Accompanying autistic children on the road to school

For many years, health professionals have known that the best way to help autistic children is to get them to join the company of sound children. In Biarritz, the association Chrysalide has mobilized to open an "AVA" class (Accompagner vers l'autonomie - accompaniment to self-sufficiency) in the school that is quite "ordinary".

Social and Employment

Biarritz, France

Daniel Teisseire

15 000 € to the Selection Committee at 2009/09/29

Project leader


"My son has an autistic child who attends school with the help of an assistant and has made spectacular progress. Even though we ourselves are not involved in this new structure, I am well placed to appreciate the value of a project like the Chrysalide project."
Daniel Teisseire

To ensure the flourishing and socialization of mentally handicapped children, facilitate their access to sports activities, assist their school attendance to avoid adding "handicap to handicap": none of this is simple.
The nonprofit association Chrysalide was created 20 years ago to devise solutions to this situation, on the initiative of young parents. Since then, it has assisted the opening of several CLIS (school integration class) and many other family aid and support structures. In Biarritz, in the Paul Bert school, it will now be opening an AVA class for five autistic children aged three to twelve.

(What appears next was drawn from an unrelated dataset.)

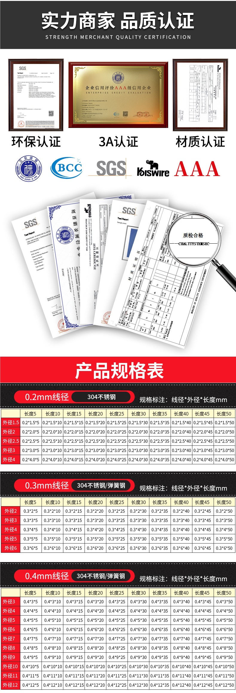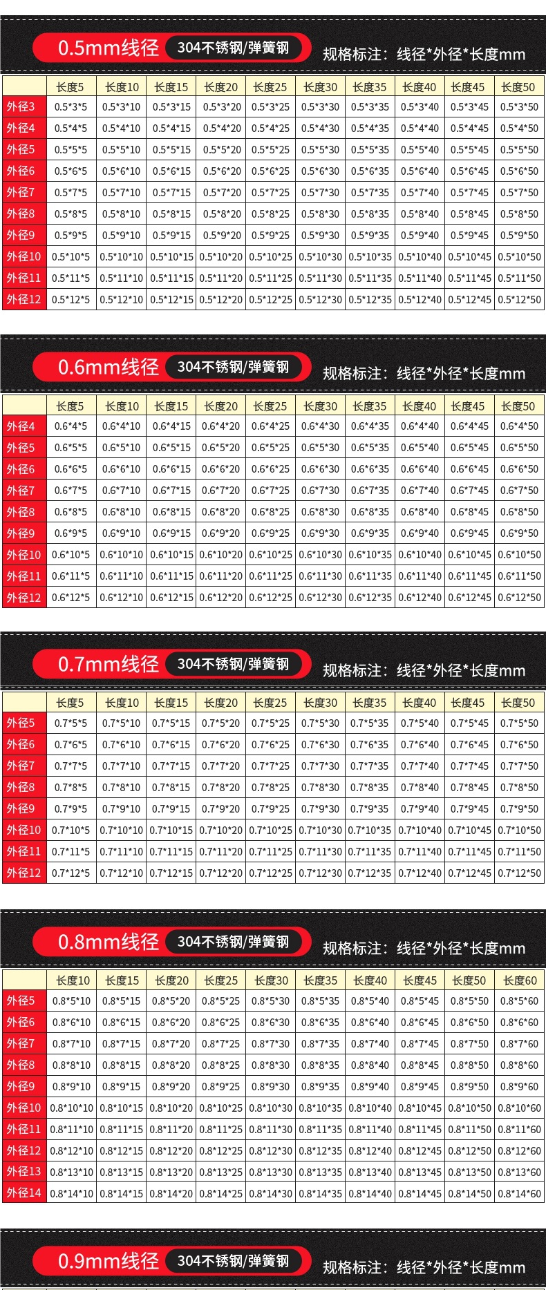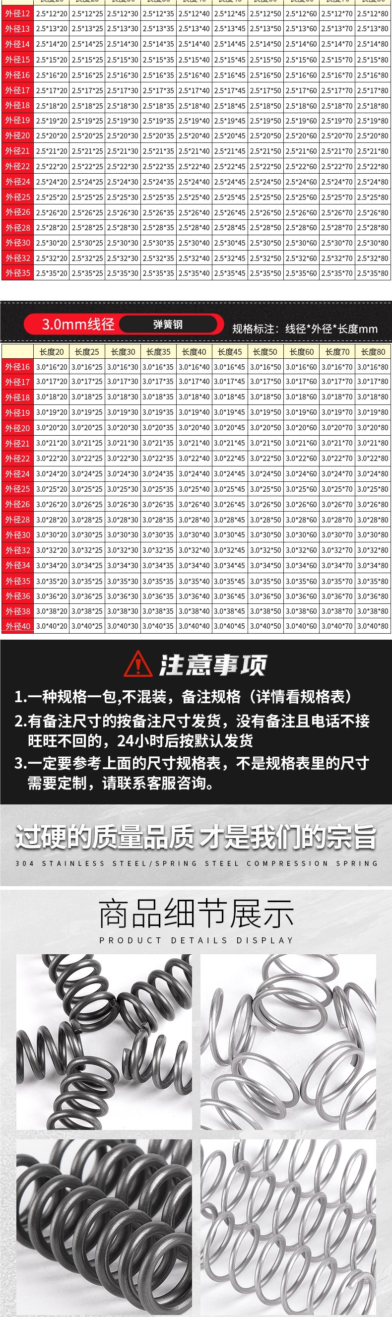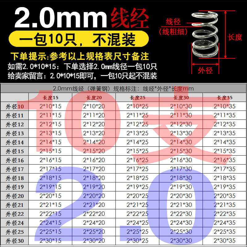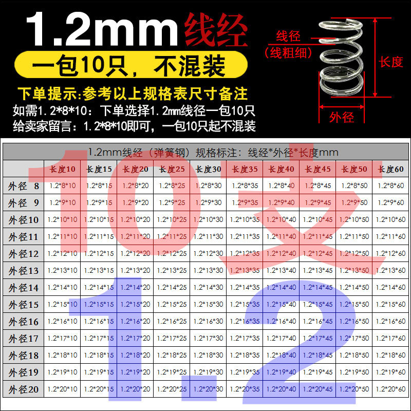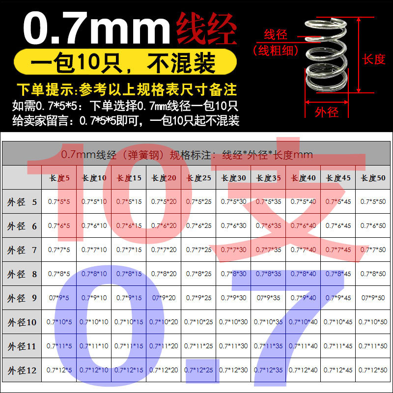 • 팁 3: 사진 촬영(와이어 직경)에 주의하십시오(와이어 직경 * 외경 * 길이)
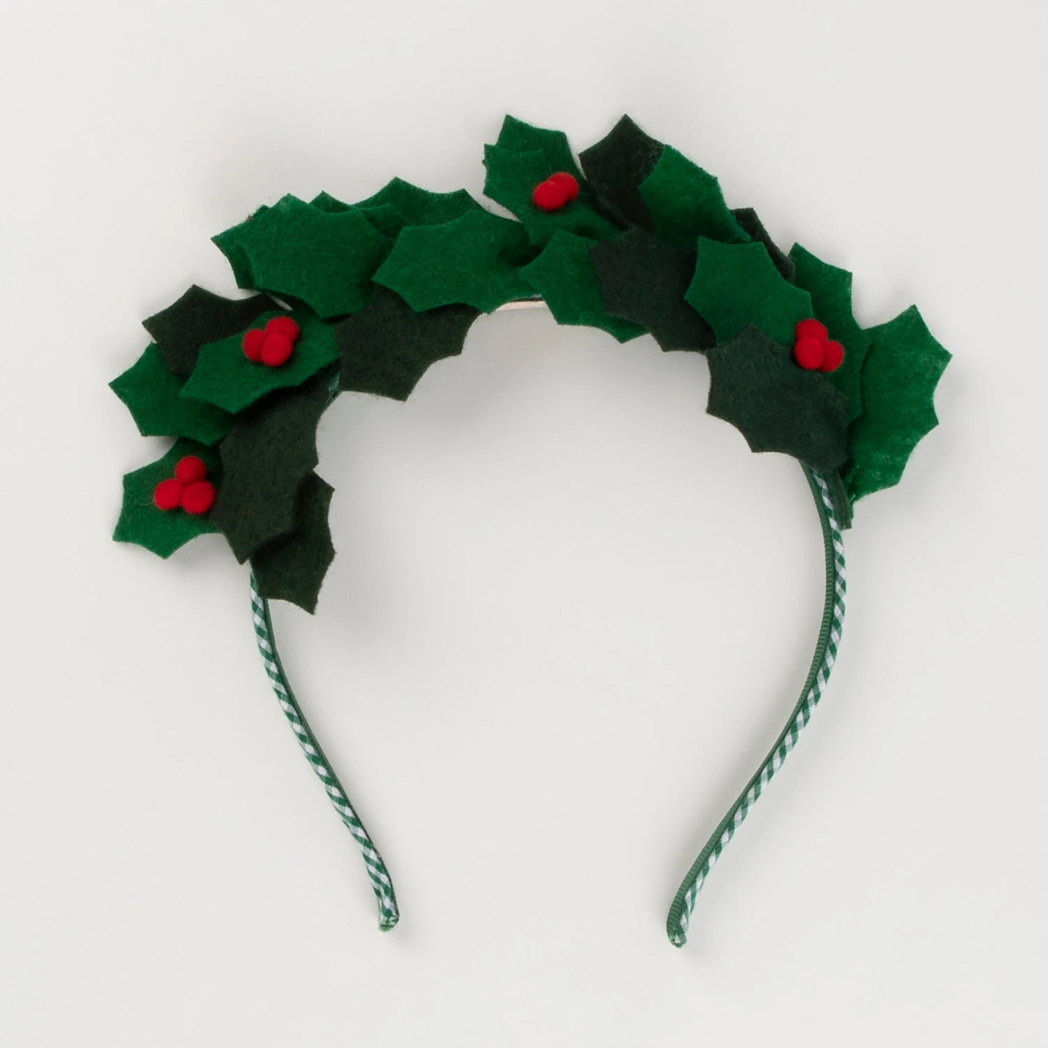 This headband is topped with soft green felt leaves and bright red pompom berries, perfect to wear to Christmas parties or for imaginative dress up. The headband is wrapped with green gingham ribbon for a stylish effect. The ideal hair accessory to instantly make you look and feel festive.

Target: all of the children in an "ordinary" class

In this classroom, the children will be stimulated all day long by various exercises following the "applied behavior analysis" method. Based on the steady presence of specialized educators, this behavioral approach fosters the acquisition of verbal capacities and reduces behavioral disorders. Ultimately, half of the children will be able to join the normal school curriculum.

Supported by Chrysalide, the AVA class of the Paul Bert school wants to score higher: thanks to the alternation between individual work time with specialized educators and progressive integration in a "normal" class, the aim is for all the children concerned to join normal classes alongside sound classmates, within two to three years.

To be effective, the project will generate six new jobs - a psychologist and five specialized educators. And thanks to the grant from the Veolia Environment Foundation, education, IT and audiovisual equipment will be purchased. This project has already been granted "experimental class" status by the French National Education Ministry. If the earlier results are positive, the capacity to accommodate autistic children will gradually be extended to the entire urban community.